The prohibition on calls to externals is necessary because C does not pretend to honour CQS, despite the principle having been established before C was born [7]. However many C functions are indeed of the purest hue. Without wishing to extend the checker to check C code, the only approach available is for the Eiffel author to certify purity. A note clause named "pure" whose value is the reason the Eiffel author believes the routine to be a pure function, sounds best. The checker should print out the location and text of each reason, so the person running the checker can assess the trustworthiness of the certification.

The prohibition on create instructions is the one that is most conservative. And I think this is the area which will need the most effort in gradually making the checker less conservative. Clearly any creation instruction that accepts Current as an argument is in a position to change the state of Current. I doubt if we will ever be sophisticated enough to check such a call for harmlessness. At the other extreme, creating a local with ANY.default_create will be quite harmless (in the absence of attribute initializers). The first iteration of the checker will ban all creation instructions. As such, it is likely to be fairly useless.

[1] Eiffel queries, which are not attributes. Attributes with initializers should also be considered, but as a first approximation, I shall assume all attributes observe CQS.

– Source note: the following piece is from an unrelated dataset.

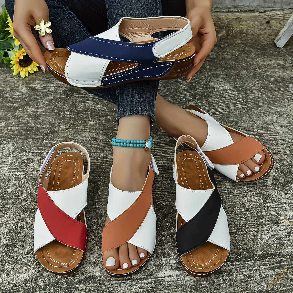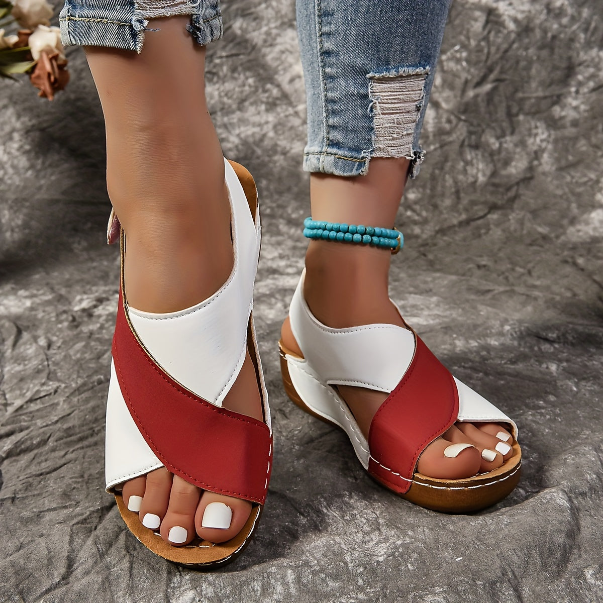 Կանացի Colorblock-ի գերժամանակակից սանդալներ, պլատֆորմի փափուկ ներբան քայլելու կոշիկներ, Comfort Crisscross Wedge Beach կոշիկներ

[2] Please tell me if I've missed anything

[3] We should check the preconditions and postconditions too

[4] Optionally, we can check them too.

[5] I guess I will use the Gobo gelint library to implement the checker, as I'm at least slightly familiar with using it. An alternative would be to fork Eiffel Studio, but I fear that as they use svn rather than git, I would never get the results merged back in, and so would gradually fall behind.

[6] Calling a command or an impure function for e.g. logging or tracing purposes can be arguably legitimate, but it would be hard to prove safe, I think. My own view is that these should be in keyed debug statements. Then the default plan for the CQS checker - ignore debug statements, suffices.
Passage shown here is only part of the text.